Мне подумалось еще, что идиотская «радиоактивная» бочка, сотворенная ради нашего недавнего спектакля, выглядела куда логичнее и функциональнее, чем радиошкаф, но то, наверное, было проявление сложного отношения человека эфирного общества к технике немагической.
– Прошли первый пузырь, - голос, почти не прерываемый помехами, передавался
– Уклон пробоя ровный, температура в пределах нормы, лед не течет, - сообщил все тот же голос из того же устройства.
Потом проходчик – конкретно, связист группы – принялся сообщать точные параметры среды и обстановки, которых, в отсутствие эфирной телеметрии, иначе было не получить. Один из моих помощников, имя которого я, как со мной бывает при сильнейшем нервном напряжении и ко стыду моему, забыл, принялся прилежно фиксировать озвучиваемые цифры карандашом на бумаге.
– Спросите его о самочувствии группы, - попросила доктор Тычканова, облюбовавшая отдельный стул, стоящий перед резервным пультом, сейчас отключенным.
Еще один помощник склонился над монструозного вида электрическим микрофоном, и забубнил соответствующие фразы.
С той стороны ответили: мол, группа чувствует себя хорошо, продвигается согласно плана и графика, и прямо сейчас – это уже в мою сторону – приступает к прокладке финального отрезка туннеля.
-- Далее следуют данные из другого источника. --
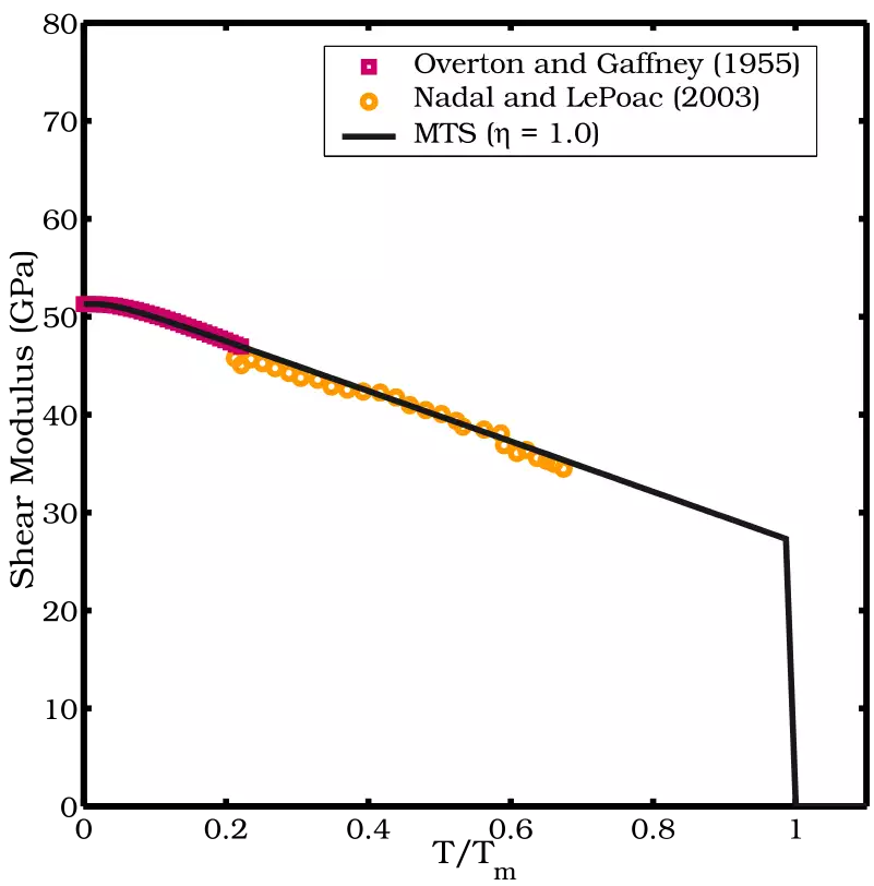 burada, μ0 referans durumdaki kayma modülüdür (T = 300 K, p = 0, η = 1), p basınçtır ve T sıcaklıktır.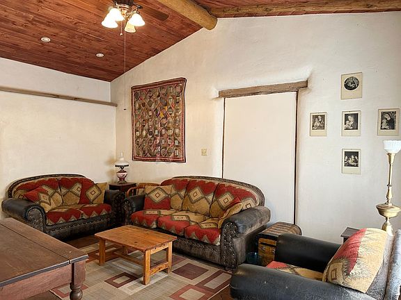 Fully furnished 2 bed 1 bath apartment, on the west side of Las Vegas NM! The property includes couches, coffee table, smart TV, dining set, mattresses, headboards, dressers, night stands, desk shelving, coat rack, microwave, coffee maker, iron, and most of the starter necessities for hygiene and comfort. The home features vaulted ceilings, brick, tile & bamboo flooring, radiant heating, covered off street parking for one car, and an outside patio area. UTILITIES INCLUDED & WIFI INLCUDED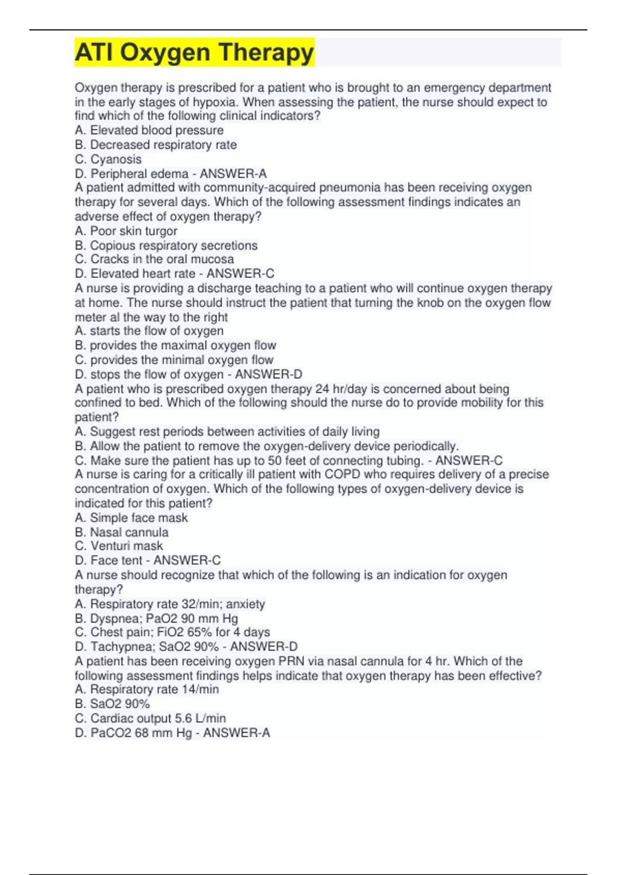 ATI Oxygen Therapy Oxygen therapy is prescribed for a patient who is brought to an emergency department in the early stages of hypoxia. When assessing the patient, the nurse should expect to find which of the following clinical indicators? A. Elevated blood pressure B. Decreased respiratory rate C. Cyanosis D. Peripheral edema - ANSWER-A A patient admitted with community-acquired pneumonia has been receiving oxygen therapy for several days. Which of the following assessment findings indicates an adverse effect of oxygen therapy? A. Poor skin turgor B. Copious respiratory secretions C. Cracks in the oral mucosa D. Elevated heart rate - ANSWER-C
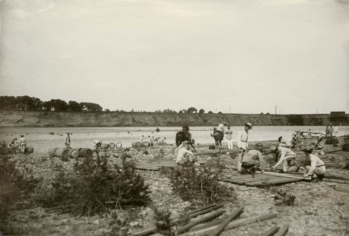 Titel: Elever från Krigsskolan Karlberg förbereder brobygge över vattendrag.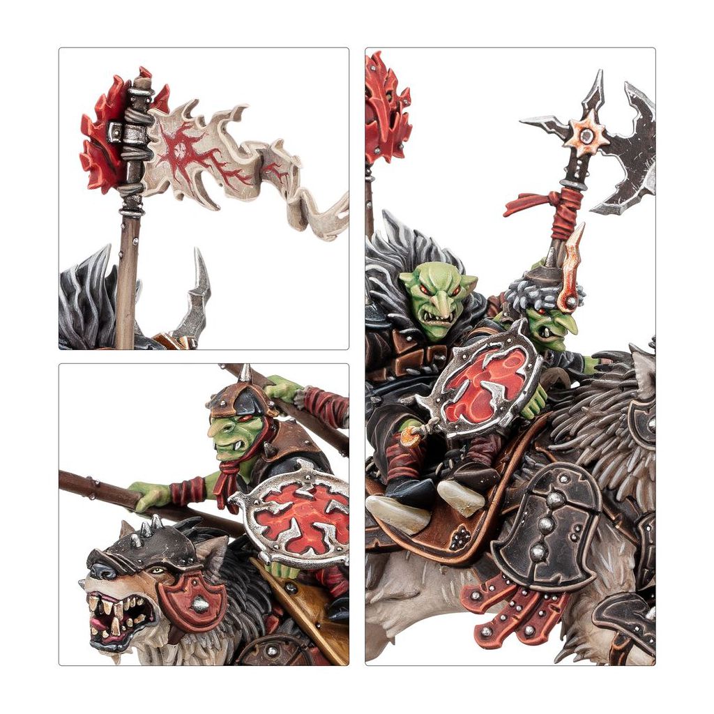 Ce kit en plastique permet d'assembler trois figurines de Cavalerie Grognemeute, une unité rapide et redoutable pour vos armées de Vils du Fielobscur à Warhammer Age of Sigmar. Elle ouvre énormément d'options tactiques aux Grogneboss astucieux – sa vitesse lui permettra d'arriver là où l'ennemi s'y attend le moins, et ses loups se feront un plaisir de se repaître des petites unités tenant des objectifs, ou d'ennemis déjà blessés.

С этого момента беспокоить проходчиков не стоило: слишком серьезное количество гигакалорий высвобождалось при работе световой техники, любая, самая маленькая ошибка могла завершиться увечьем или даже смертью. Поэтому необходимо было обеспечить работникам максимально комфортные условия, и уж точно – не отвлекать по пустякам.
На передней панели радиостанции – грубо закрепленном металлическом щите – красным загорелись сразу четыре лампочки, остальные же, рассыпанные по корпусу шкафа во множестве, погасли. Это, как я помнил, означало, что радиоканал теперь отключен с той стороны. Предстояло ждать.
Я копался в настройках счетника, пытаясь отключить надписи на новоисландском, дублирующие почти такие же и точно о том же, но советские. Именно сейчас я понял, что советский язык, в плане техническом, стал мне настолько понятен, что казался уже предпочтительнее исландского! Вопрос был не очень актуален, но интересен, времени до завершения туннеля оставалось еще порядком, и я решил пообщаться с нашей доброй доктором.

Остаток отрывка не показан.